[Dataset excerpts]

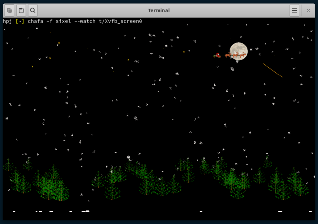 I'm feeling lazy, and besides, I'm away from Good Computer, so here's an encore of last year's nerd holiday card. Yes, you can totally run xsnow in the terminal --
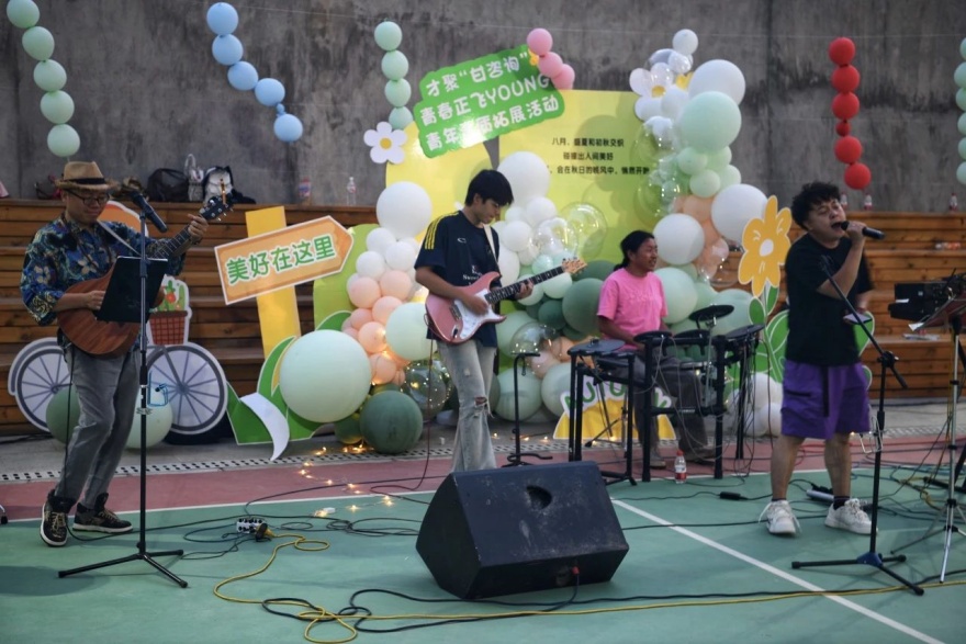 星空下,勁歌熱舞點(diǎn)燃現(xiàn)場?!案首稍儭鼻嗄陚兏髡顾L、各顯其能,開啟了一場青春音樂風(fēng)暴。伴隨著巔峰樂隊(duì)的演奏,青年們積極參與猜歌大作戰(zhàn)、完成樂隊(duì)組建及牌排練公演,傳統(tǒng)樂曲、流行音樂、潮流嘻哈、樂隊(duì)搖滾……多元歌曲悉數(shù)亮相,整個(gè)現(xiàn)場沉浸在歡樂的海洋中。
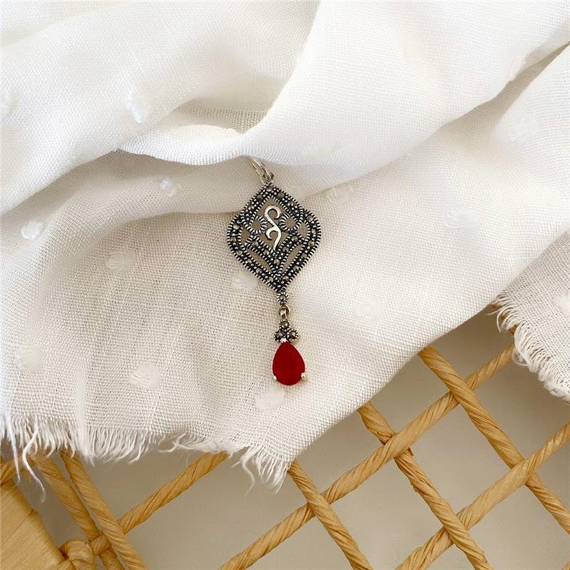 Pingente Prata 925 Legitima em Bali. Arabescos cravejados na pedra marcassita na parte inferior uma pedra natural em formato de gota .Medidas:
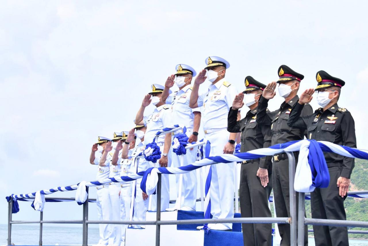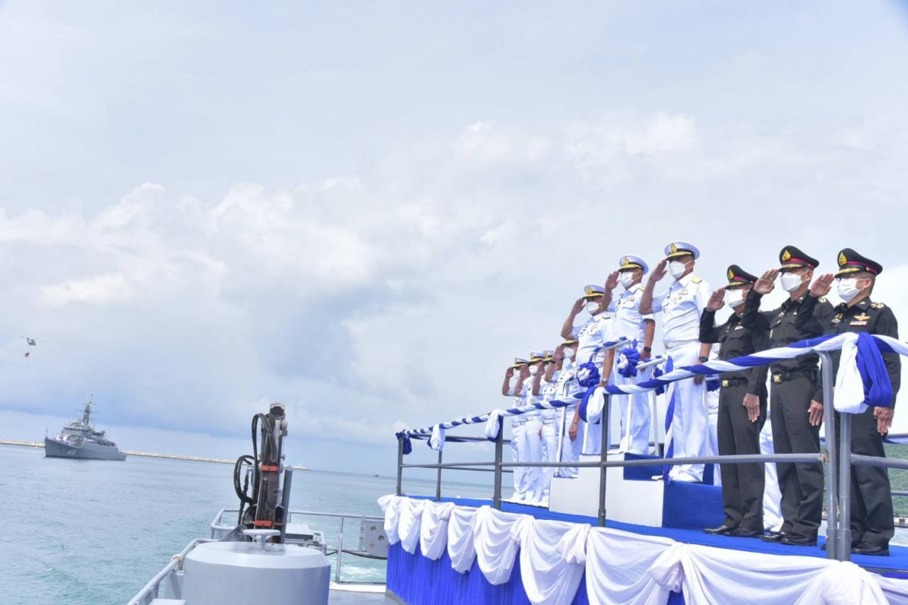 โดยเมื่อ ปลัดกลาโหม ขึ้นเรือหลวงนเรศวร ผบ.ทร. นำขึ้นแท่นรับความเคารพ โดยมี เรือหลวงปิ่นเกล้ายิงสลุต เพื่อเป็นเกียรติ จำนวน 19 นัด จากนั้นปลัดกระทรวงกลาโหม ได้ลงจากเรือ ไปยังเรือ ต.112 เพื่อตรวจพลสวนสนามทางเรือ โดย ผบ.ทร. ได้กล่าวสดุดีและมอบของที่ระลึกแด่ปลัดกลาโหม
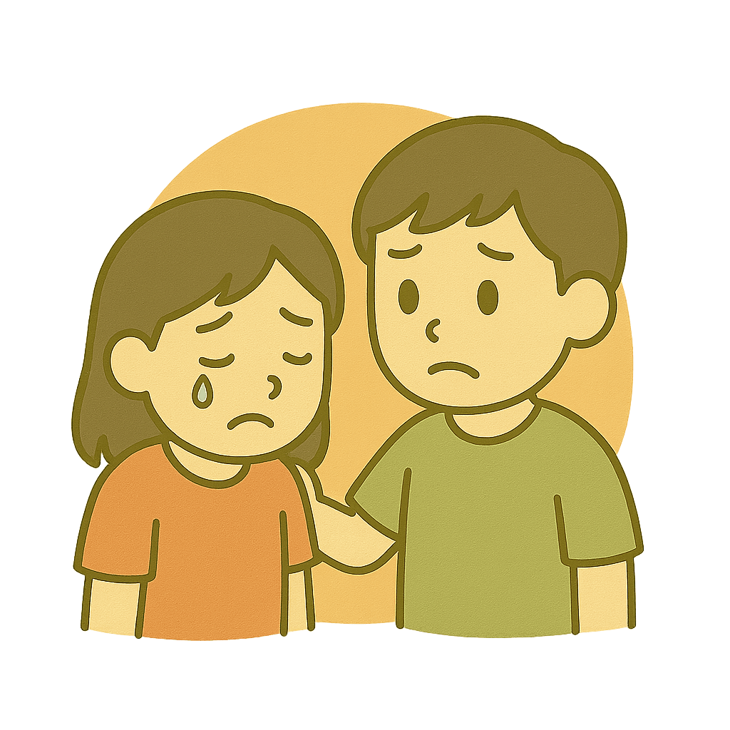 友だちの悲しみ(ひ)をわかちあうことが大切です。
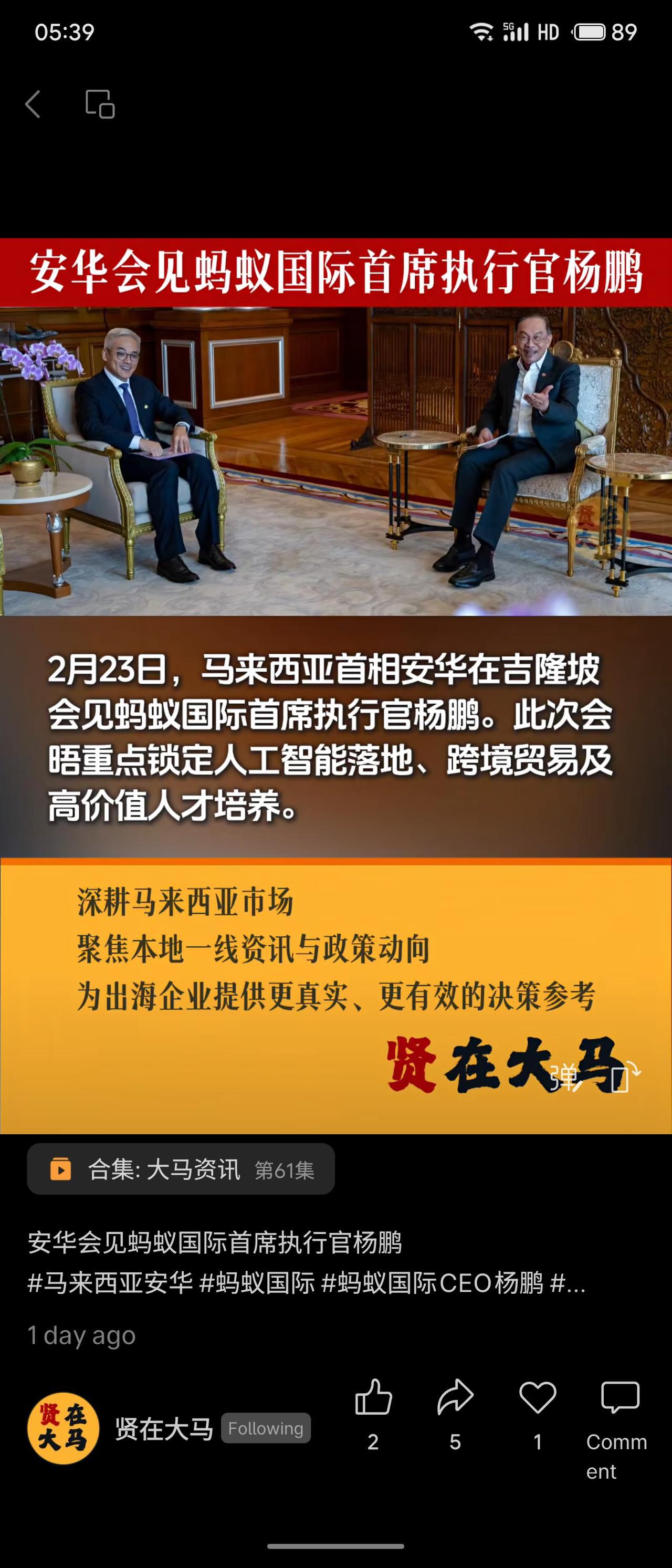 马来西亚首相安华会见蚂蚁国际CEO杨鹏,重点讨论人工智能落地、跨境贸易和高价值人才培养。蚂蚁国际在马来西亚有深厚背景——国家主权基金国库控股是其投资者和战略伙伴。安华明确欢迎蚂蚁扩展业务,以推动国家数码经济增长。此次会晤标志中马数字合作深化,利好蚂蚁东南亚布局。
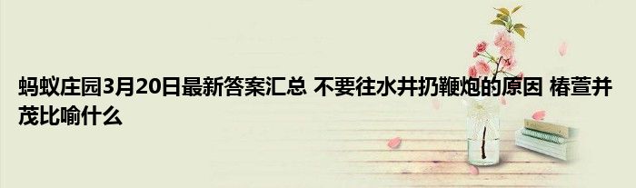 蚂蚁庄园今天3月20日的问题已经出来了,分别是“椿萱并茂”意思是指椿树和萱草都茂盛,用来比喻什么以及为什么最好不要往下水井扔鞭炮?答对了可以获得小鸡饲料180g的奖励,那么答案是什么呢,下面就来跟着小编一起看看吧。

▶ **About this exercise**: Every record above must be printed exactly, except for its images.

▶ **Answer box**:
 I'm feeling lazy, and besides, I'm away from Good Computer, so here's an encore of last year's nerd holiday card. Yes, you can totally run xsnow in the terminal --
 星空下,勁歌熱舞點(diǎn)燃現(xiàn)場?!案首稍儭鼻嗄陚兏髡顾L、各顯其能,開啟了一場青春音樂風(fēng)暴。伴隨著巔峰樂隊(duì)的演奏,青年們積極參與猜歌大作戰(zhàn)、完成樂隊(duì)組建及牌排練公演,傳統(tǒng)樂曲、流行音樂、潮流嘻哈、樂隊(duì)搖滾……多元歌曲悉數(shù)亮相,整個(gè)現(xiàn)場沉浸在歡樂的海洋中。
 Pingente Prata 925 Legitima em Bali. Arabescos cravejados na pedra marcassita na parte inferior uma pedra natural em formato de gota .Medidas:
 โดยเมื่อ ปลัดกลาโหม ขึ้นเรือหลวงนเรศวร ผบ.ทร. นำขึ้นแท่นรับความเคารพ โดยมี เรือหลวงปิ่นเกล้ายิงสลุต เพื่อเป็นเกียรติ จำนวน 19 นัด จากนั้นปลัดกระทรวงกลาโหม ได้ลงจากเรือ ไปยังเรือ ต.112 เพื่อตรวจพลสวนสนามทางเรือ โดย ผบ.ทร. ได้กล่าวสดุดีและมอบของที่ระลึกแด่ปลัดกลาโหม
 友だちの悲しみ(ひ)をわかちあうことが大切です。
 马来西亚首相安华会见蚂蚁国际CEO杨鹏,重点讨论人工智能落地、跨境贸易和高价值人才培养。蚂蚁国际在马来西亚有深厚背景——国家主权基金国库控股是其投资者和战略伙伴。安华明确欢迎蚂蚁扩展业务,以推动国家数码经济增长。此次会晤标志中马数字合作深化,利好蚂蚁东南亚布局。
 蚂蚁庄园今天3月20日的问题已经出来了,分别是“椿萱并茂”意思是指椿树和萱草都茂盛,用来比喻什么以及为什么最好不要往下水井扔鞭炮?答对了可以获得小鸡饲料180g的奖励,那么答案是什么呢,下面就来跟着小编一起看看吧。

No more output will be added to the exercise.